- Born: Marinella Adad February 2, 1976 (age 50) Metro Manila, Philippines
- Occupations: Actress, movies and television series
- Years active: 1988–present
- Agents: GMA Network ABS-CBN; TV5;
- Spouse: Trandy Baterina
- Children: 2

= Ana Roces =

Filipino actress

Marinella Adad (born February 2, 1976), better known as Ana Roces, is a Filipino actress. Roces was formerly a teen idol in the 1990s and a cast member of That's Entertainment.

==Career==
She was discovered in the Colgate commercial she appeared in opposite Eric Banes in the 1980s. Her first television appearance was in the Manilyn Reynes starer telenovela Gintong Kristal on GMA-7. Then she became a member of That's Entertainment, Tuesday Group.

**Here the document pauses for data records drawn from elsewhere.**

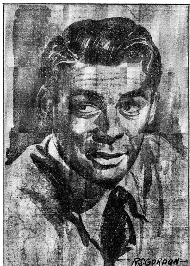
Playing in "Hi, Nellie" at the Strand Theatre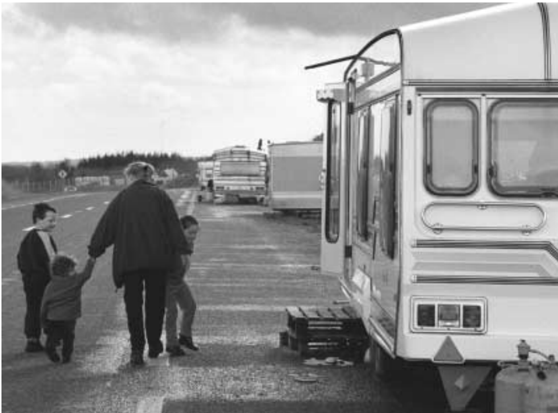
On the road; a nomadic lifestyle.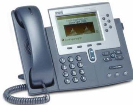
Figure 1. Cisco IP Phone 7960G

The Cisco IP Phone 7960G, a key offering in the IP Phone portfolio, is a full-featured IP phone primarily for manager and executive needs. It provides six programmable line/feature buttons and four interactive soft keys that guide a user through call features and functions. Audio controls for duplex speakerphone, handset and headset. The Cisco IP Phone 7960G also features a large, pixel-based LCD display. The display provides features such as date and time, calling party name, calling party number, and digits dialed. The graphic capability of the display allows for the inclusion of such features as XML (Extensible Markup Language) and future features.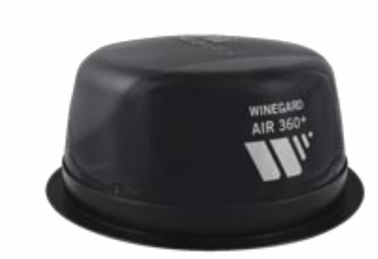
Winegard AIR 360+ with Gateway Router

Each Isata comes with an LP quick connect for use with a portable grill.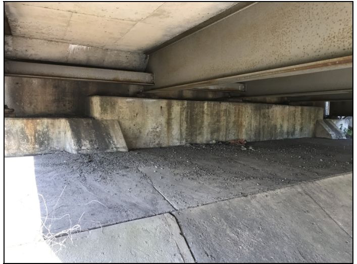
Bent 1 bearing condition overview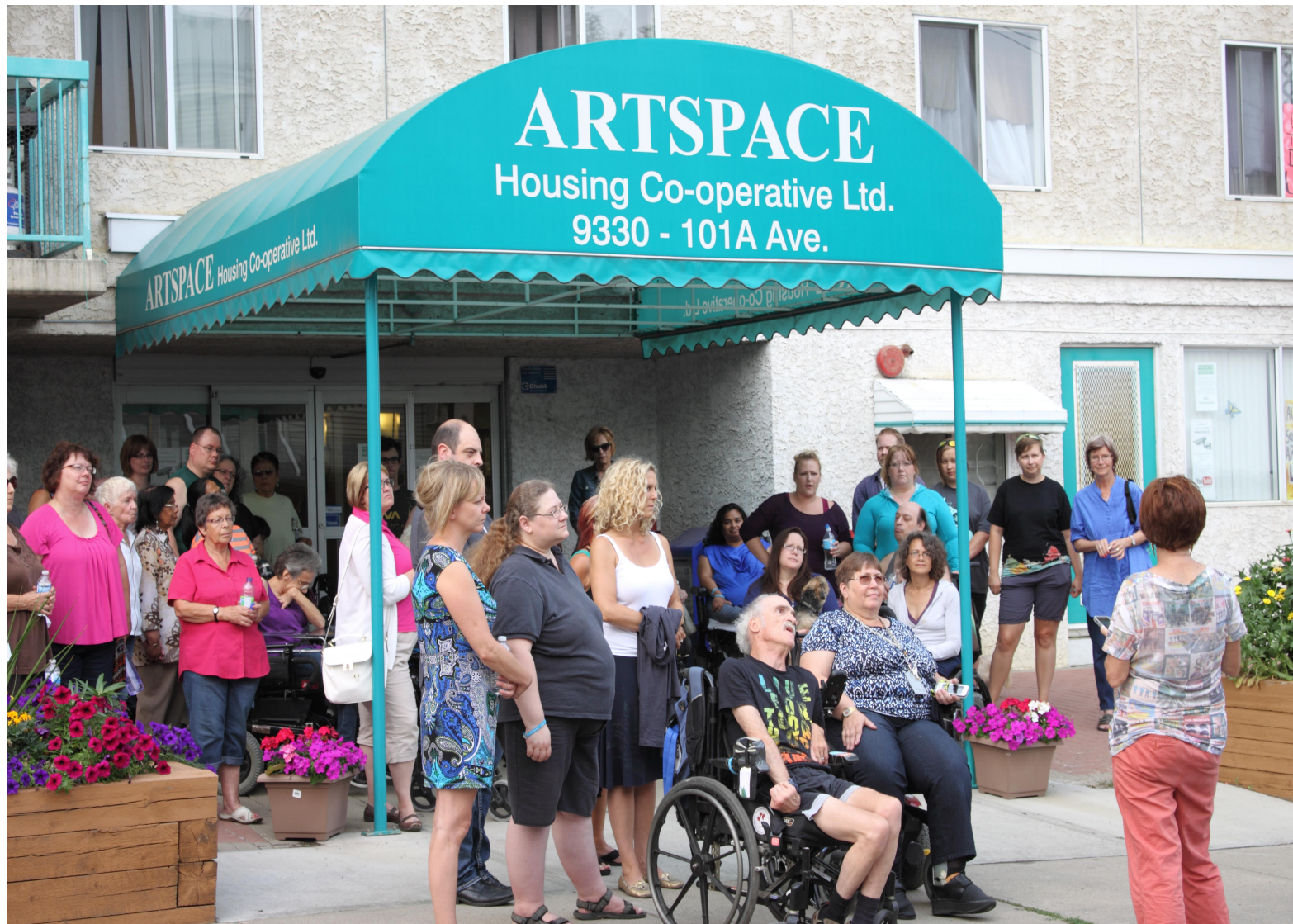
ARTSPACE HOUSING CO-OPERATIVE

She became a Regal contract artist and then transferred to Viva Films where she did over 20 movies. She starred in the 1992 comedy film Alabang Girls with Andrew E. She also starred in the film Oo Na, Sige Na (1994) as the partner of Robin Padilla's character and Kadenang Bulaklak (1993).

==Personal life==
Roces is the youngest child and only daughter (after two brothers) of Rene Adad, who was the Philippine branch manager of the Coca-Cola Export Company and a former president of the Philippine Football Federation, and Carmina Gutierrez-Adad. Roces is of Lebanese and Spanish descent.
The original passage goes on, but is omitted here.